### Given material
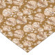 Table runner in a pattern of chocolate brown, tan and creamy white semi-abstract sea shells on a milk chocolate brown background
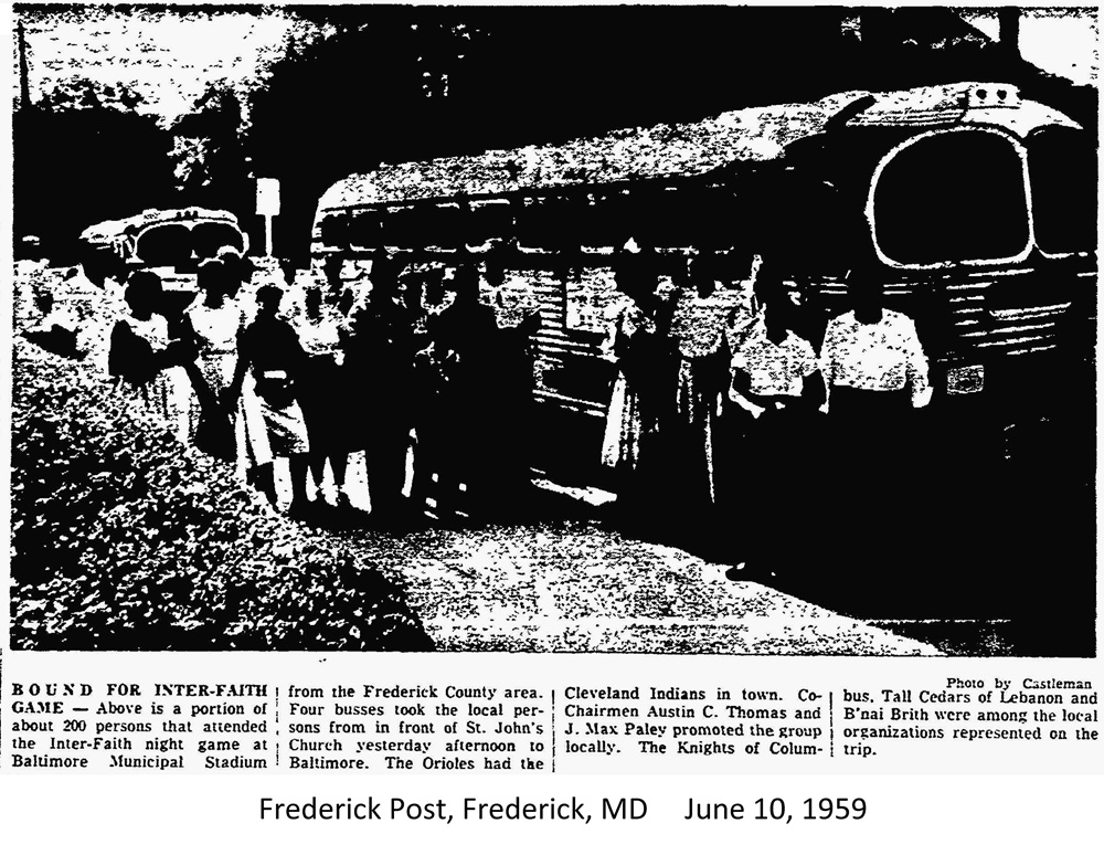 June 10, 1959. Newspaper article regarding members of St. John's Council participating in an inter-faith trip by bus from the Front of St. John the Evangelist Church in Frederick, MD to the Baltimore Municipal Stadium for a major league baseball game.
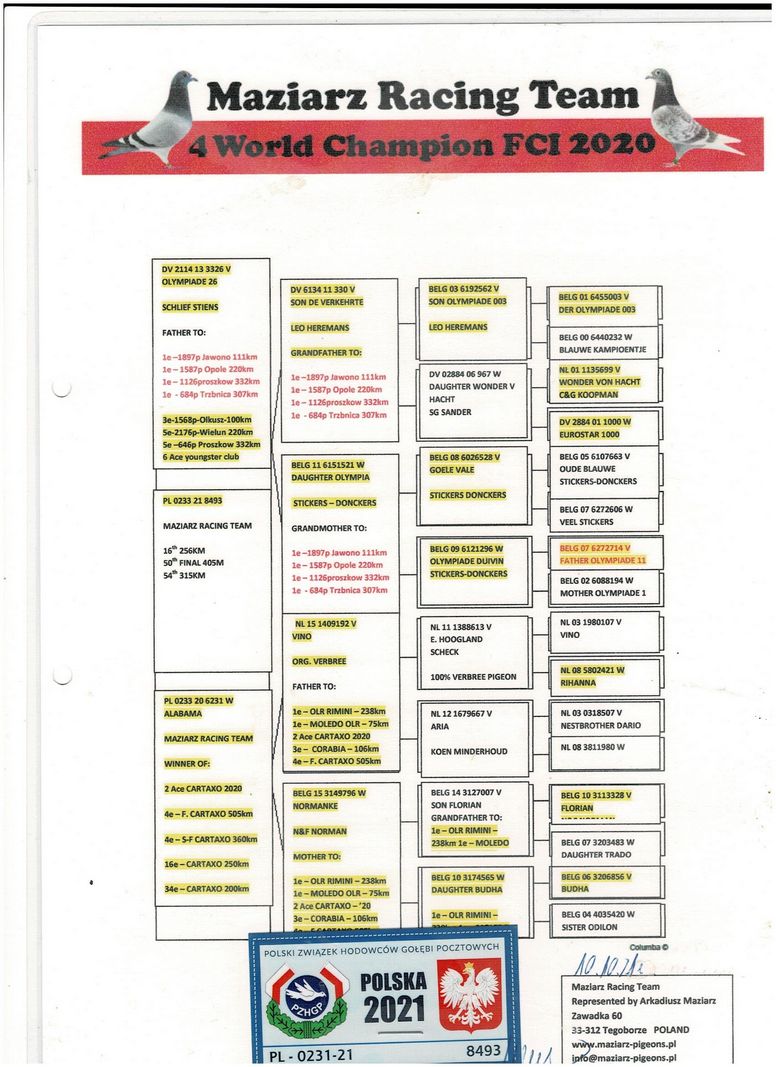 Serie porumbel: PL-0231-21-8493 Maziarz Racing Team
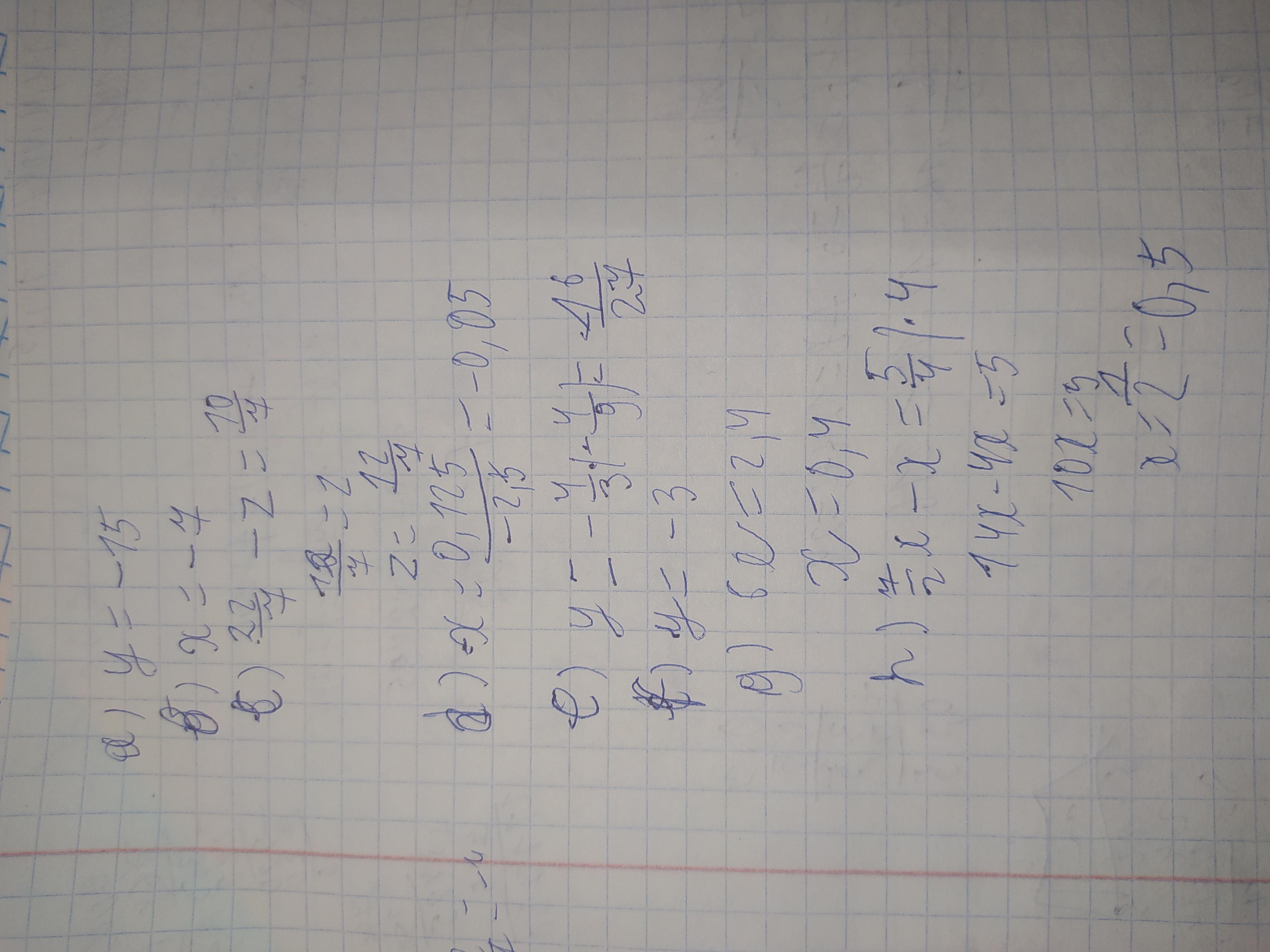 1) -15; 2) -7; 3) 12/7; 4) -0,05; 5) 16/27; 6) -3; 7) 0,4; 8) 0,5

### Directions
Every line of the listing should be repeated exactly; no picture should appear.

### Expected answer
 Table runner in a pattern of chocolate brown, tan and creamy white semi-abstract sea shells on a milk chocolate brown background
 June 10, 1959. Newspaper article regarding members of St. John's Council participating in an inter-faith trip by bus from the Front of St. John the Evangelist Church in Frederick, MD to the Baltimore Municipal Stadium for a major league baseball game.
 Serie porumbel: PL-0231-21-8493 Maziarz Racing Team
 1) -15; 2) -7; 3) 12/7; 4) -0,05; 5) 16/27; 6) -3; 7) 0,4; 8) 0,5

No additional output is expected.